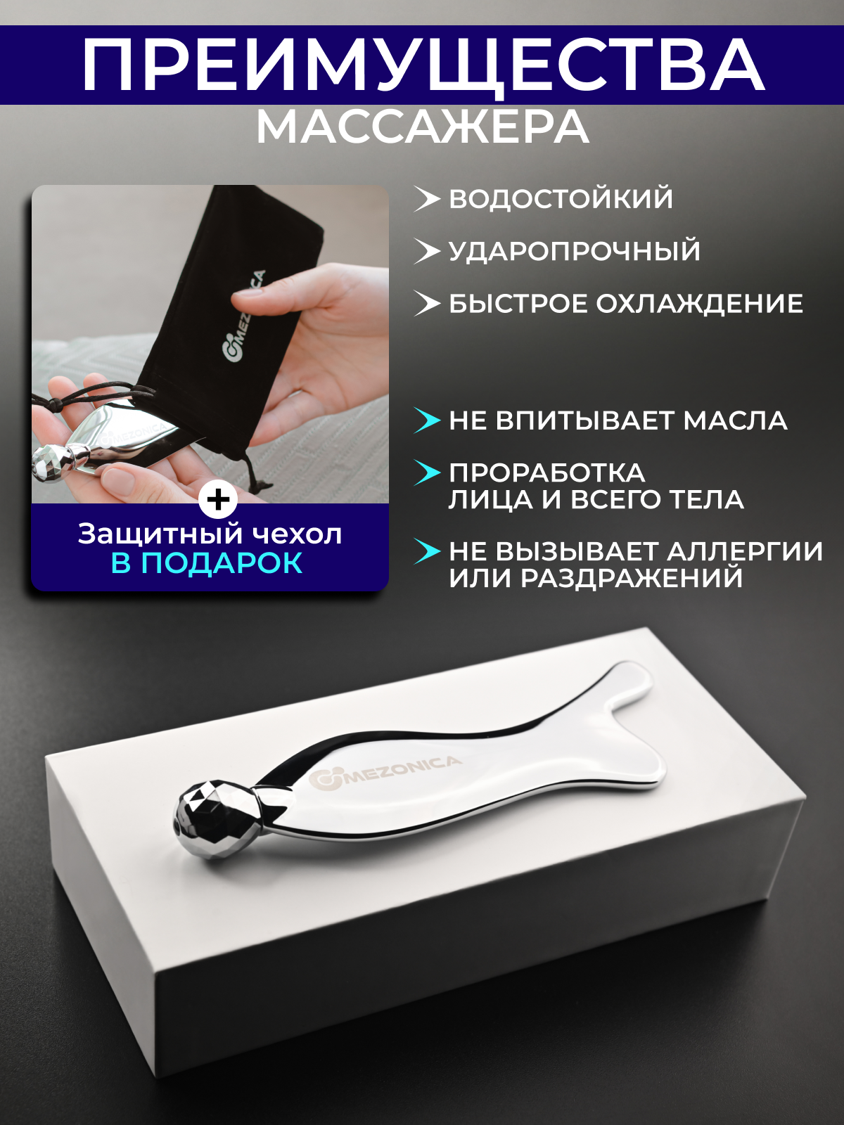 Массажер 2 в 1 роликовый Mezonica, скребок гуаша металлический, для массажа лица, кожи вокруг глаз, декольте информация:
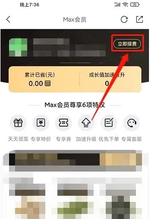 3、进入MAX会员界面,点击"立即续费",如图所示
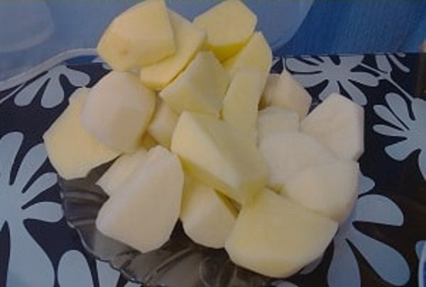 3. Картоплю очищаємо, промиваємо та нарізаємо великими шматками.
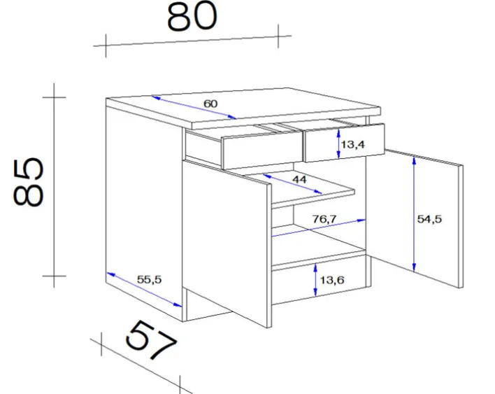 Breite: 80 cmHöhe: 85 cmTiefe/Ausladung: 60 cmGewicht: 42,3 kg
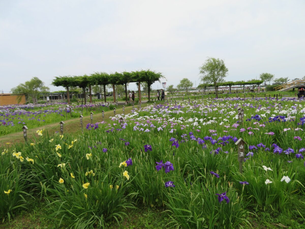 約8ヘクタールのパークには、江戸、肥後、伊勢系など約400品種、約150万本の花菖蒲が植栽されています。入口を入ってすぐのあやめ広場からは、360度のパノラマで花菖蒲を鑑賞することができ壮観です。
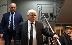 Nachdem die PiS bei der Parlamentswahl im Jahr 2023 wieder Oppositionspartei geworden war, fiel Kaczyński, der erneut ein Mandat errungen hatte,[53] mit nicht haltbaren Äußerungen auf. So erklärte er, dass das polnische Parlament nicht mehr existiere, der Regierungschef Donald Tusk, den er mit Adolf Hitler verglich, ein „deutscher Agent“ sei und dass zwei wegen Amtsmissbrauchs verurteilte PiS-Politiker (Mariusz Kamiński und dessen Staatssekretär Maciej Wąsik) gefoltert worden seien. Letzteres wurde von der zuständigen Ärztekammer bestritten. Infolge dieser Äußerungen Kaczyńskis wurde er vom in rechtskonservativen Kreisen angesehenen Historiker Andrzej Nowak zum Rücktritt als Parteichef aufgefordert.[54] Am 6. März 2025 hob der Sejm mit 236 zu 200 Stimmen Kaczyńskis Immunität auf. Hintergrund war seine Aussage vor dem Pegasus-Untersuchungsausschuss.[55]
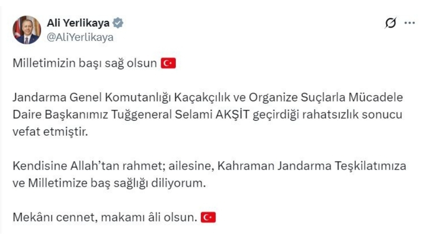 Jandarma Genel Komutanlığı Kaçakçılık ve Organize Suçlarla Mücadele (KOM) Daire Başkanı Tuğgeneral Selami Akşit, sabah saatlerinde geçirdiği kalp krizi nedeniyle yaşamını yitirdi. Türkiye’nin güvenlik teşkilatında önemli görevler üstlenen Akşit’in ani ölümü hem teşkilat içinde hem de kamuoyunda büyük üzüntü yarattı.
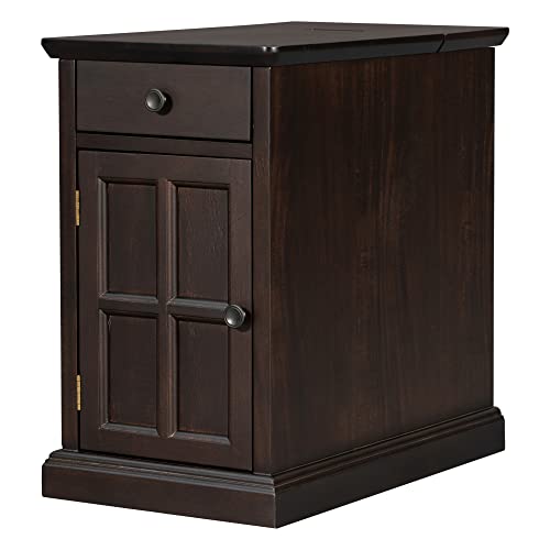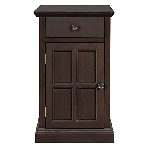 Quarte Retro Stylish Nightstand with Charging Station,End Table Side Table with 1 Multifunctional Drawer Built-in Cup Holders and USB Ports,for Living Room,Bedroom (Antique Navy#S)
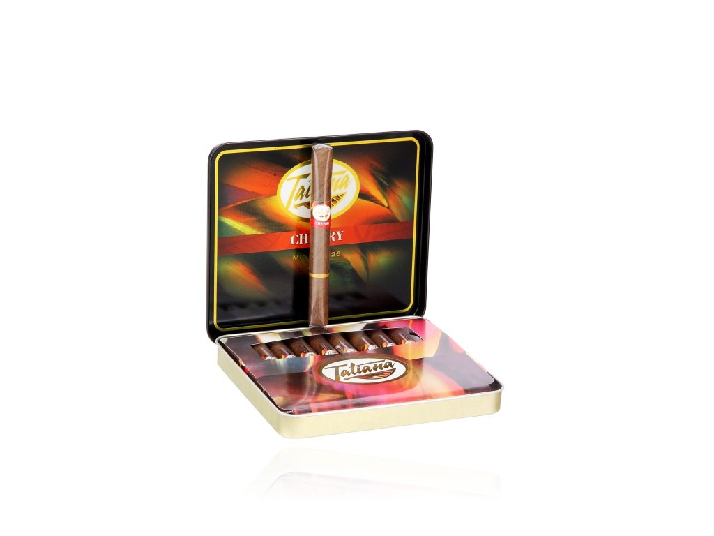 Užijte si Tatiana Miniature Cherry Tin, malé doutníčky s jemnou višňovou příchutí, uložené v atraktivní plechovce.
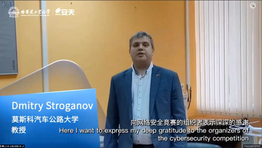 李柱石老师为参赛队伍颁奖 俄罗斯Dmitry Stroganov教授向竞赛组委会视频致谢
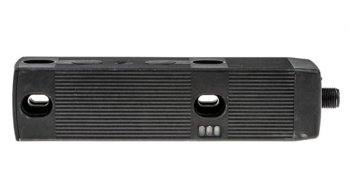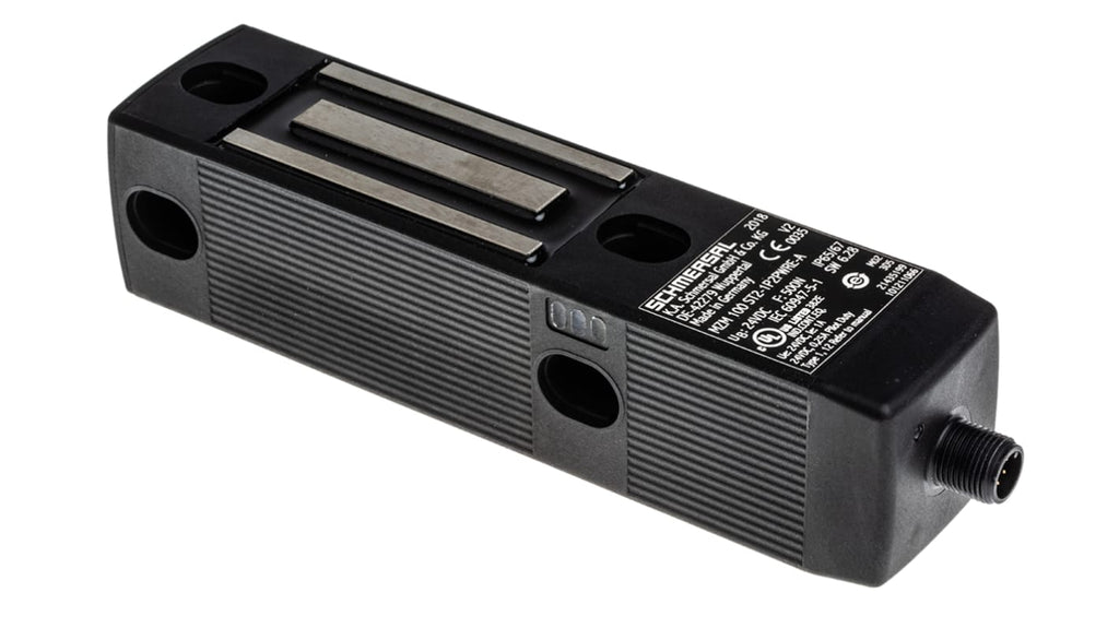 Interruttore di interblocco a solenoide, 24V cc, serie MZM 100, codice MZM 100 ST2-1P2PWRE-A, grado di protezione IP65 e IP67, dimensioni 40mm x 179mm x 40mm, contatti di sicurezza 2 PNP, contatti ausiliari 1 PNP, materiale custodia plastica, ingresso cavo M12, tempo di risposta inferiore a 150ms, tensione massima c.c. 24V, indicatore di stato con tre LED.
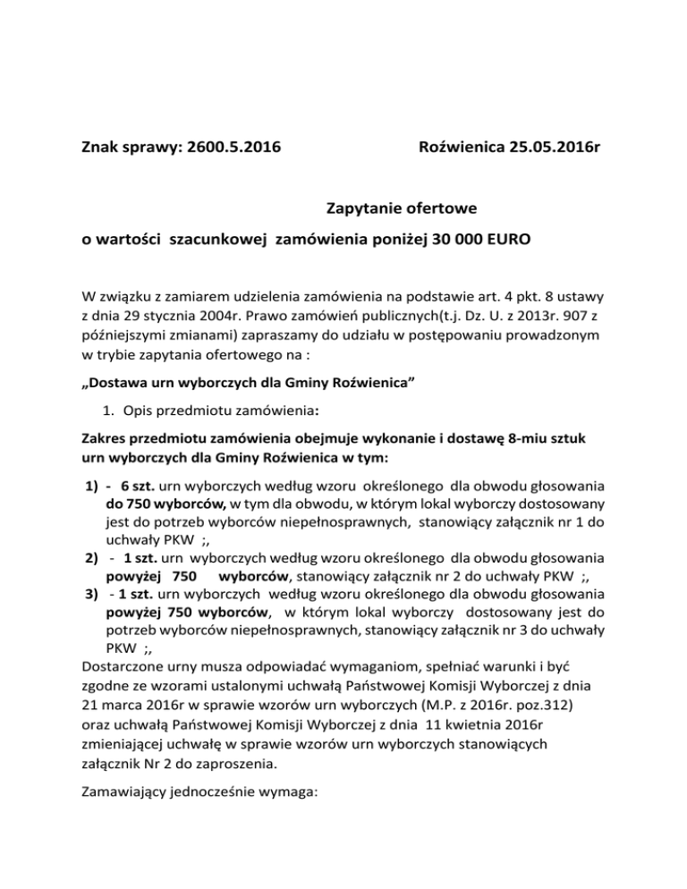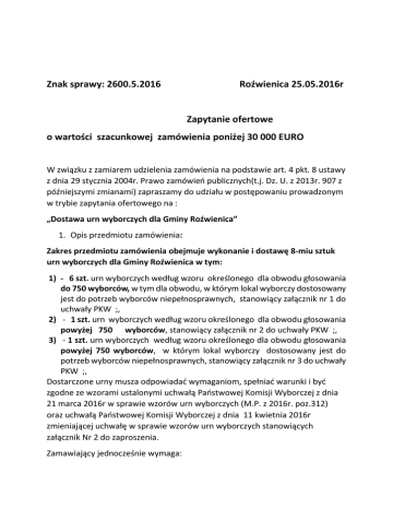Znak sprawy: 2600.5.2016 Roźwienica 25.05.2016r Zapytanie ofertowe o wartości szacunkowej zamówienia poniżej 30 000 EURO W związku z zamiarem udzielenia zamówienia na podstawie art. 4 pkt. 8 ustawy z dnia 29 stycznia 2004r. Prawo zamówień publicznych(t.j. Dz. U. z 2013r. 907 z późniejszymi zmianami) zapraszamy do udziału w postępowaniu prowadzonym w trybie zapytania ofertowego na : „Dostawa urn wyborczych dla Gminy Roźwienica” 1. Opis przedmiotu zamówienia: Zakres przedmiotu zamówienia obejmuje wykonanie i dostawę 8-miu sztuk urn wyborczych dla Gminy Roźwienica w tym: 1) - 6 szt. urn wyborczych według wzoru określonego dla obwodu głosowania do 750 wyborców, w tym dla obwodu, w którym lokal wyborczy dostosowany jest do potrzeb wyborców niepełnosprawnych, stanowiący załącznik nr 1 do uchwały PKW ;, 2) - 1 szt. urn wyborczych według wzoru określonego dla obwodu głosowania powyżej 750 wyborców, stanowiący załącznik nr 2 do uchwały PKW ;, 3) - 1 szt. urn wyborczych według wzoru określonego dla obwodu głosowania powyżej 750 wyborców, w którym lokal wyborczy dostosowany jest do potrzeb wyborców niepełnosprawnych, stanowiący załącznik nr 3 do uchwały PKW ;, Dostarczone urny musza odpowiadać wymaganiom, spełniać warunki i być zgodne ze wzorami ustalonymi uchwałą Państwowej Komisji Wyborczej z dnia 21 marca 2016r w sprawie wzorów urn wyborczych (M.P. z 2016r. poz.312) oraz uchwałą Państwowej Komisji Wyborczej z dnia 11 kwietnia 2016r zmieniającej uchwałę w sprawie wzorów urn wyborczych stanowiących załącznik Nr 2 do zaproszenia. Zamawiający jednocześnie wymaga: a. zastosowanie uchwytów urn o trzech punktach podparcia lub uchwytów, które całą powierzchnią przylegają do boków urn, b. zagięcie górnych krawędzi boków urn do ich wnętrza co usztywni konstrukcję urn. Zamawiający dopuszcza: a. wykonanie zagiętych do wnętrza urny krawędzi otworu wrzutowego (kołnierza), co usztywni konstrukcję wieka urny oraz ułatwi wyborcom wrzucanie kart do glosowania (po zwężeniu otwór wrzutowy nie może być węższy niż 1,5 cm), b. zastosowanie do zamknięcia i blokowania wieka urny: - mechanizmów odciąganych (bez możliwości ich całkowitego wyjęcia) zamiast zakręcanych , pod warunkiem umieszczenia w ścianach bocznych i wieku urny otworów umożliwiających założenie plomby plastikowej lub metalowej, - śrub wkręcanych (bez możliwości całkowitego wykręcenia) w nitonakrętki zamocowane w ścianach bocznych urny. Wykonawcy muszą wziąć pod uwagę, że liczba nitów służących do łączenia elementów urny wskazana we wzorach Państwowej Komisji Wyborczej jest przykładowa, urna może być połączona większą ilością nitów im musi być wykonana w taki sposób, aby była trwała. Wykonawca wraz z ofertą składa projekt urn wraz z opisem technicznym wykonania i oświadczeniem, że projekt jest zgodny z wytycznymi PKW. Zamawiający wymaga od Wykonawców udzielenia gwarancji na dostarczone urny wyborcze na minimum 36 miesięcy. 4) Termin realizacji zamówienia: Przedmiot zamówienia należy dostarczyć w terminie do 15 lipca 2016r. 5) Miejsce i termin złożenia oferty: Ofertę należy złożyć w siedzibie Zamawiającego tj. Urząd Gminy Roźwienica, 37-565 Roźwienica 1 w terminie 7.06.2016r do godz.12:00. Ofertę można złożyć osobiście w sekretariacie Urzędu Gminy Roźwienica, 37-565 Roźwienica 1(z dopiskiem na kopercie Oferta na: Dostawa urn wyborczych dla Gminy Roźwienica) lub pocztą, pocztą elektroniczną na adres: [email protected], faksem na numer 16 622 58 22 (dosyłając oryginał oferty pocztą). 6) Otwarcie ofert odbędzie się w dniu 7.06.2016r o godz. 12:15 7) Sposób oceny i dokonania i dokonania wyboru najkorzystniejszej oferty: Kryterium oceny ofert: cena-100% 8) Okres związania ofertą – 30 dni od ostatecznego terminu składania ofert. 9) W niniejszym postępowaniu wszelkie oświadczenia, wnioski zawiadomienia oraz informacje zamawiający i wykonawcy przekazują pisemnie na adres Zamawiającego lub drogą elektroniczną (e-mail)-na adres: [email protected]. 10) Ofertę należy sporządzić w formie pisemnej. Oferta oraz oświadczenia i dokumenty składne wraz z oferta powinny być podpisane przez osobę upoważnioną do występowania w imieniu wykonawcy albo przez osobę umocowana przez wykonawcę. 11) Cena za dostawę urn wyborczych musi zawierać wszystkie koszty związane z realizacja zamówienia opisanego w zapytaniu niezbędne do jego wykonania z uwzględnieniem wszystkich opłat i podatków. 12) Wykonawca ponosi wszelkie koszty związane z przygotowaniem i złożeniem oferty. 13) Inne istotne warunki zamówienia przyszłej umowy: podstawą wystawienia faktury będzie protokół zdawczo-odbiorczy podpisany przez Zamawiającego i Wykonawcę. 14) Szczegółowych informacji od poniedziałku do piątku w godzinach od 8:00 do 15:00 udziela pracownik Urzędu Gminy Roźwienica: tel.(0-16)6225822. Z-ca Wójta Franciszek Liszka Do pobrania: Formularz oferty Uchwały Państwowej Komisji Wyborczej ZBIÓR WYJAŚNIEŃ PKW FORMULARZ OFERTY 1. Nazwa i adres Wykonawcy Nazwa: …………………………………………………………………………………………………………….. Adres: ……………………………………………………………………………………………………………… NIP: ………………………………………………………………………………………………………………… REGON: ……………………………………………………………………………………………………………. Nr tel./faxu: …………………………………………………………………………………………………….. Adres e-mail: ……………………………………………………………………………………………………. 2. Oferuję wykonanie przedmiotu zamów

▸ Exercise goal
Could you repeat, exactly, only the lines above starting at the one that has "Breite: 80 cmHöhe: 85" and stopping after the one that has "約8ヘクタールのパークには、", without the pictures?

▸ Task solution
 Breite: 80 cmHöhe: 85 cmTiefe/Ausladung: 60 cmGewicht: 42,3 kg
 約8ヘクタールのパークには、江戸、肥後、伊勢系など約400品種、約150万本の花菖蒲が植栽されています。入口を入ってすぐのあやめ広場からは、360度のパノラマで花菖蒲を鑑賞することができ壮観です。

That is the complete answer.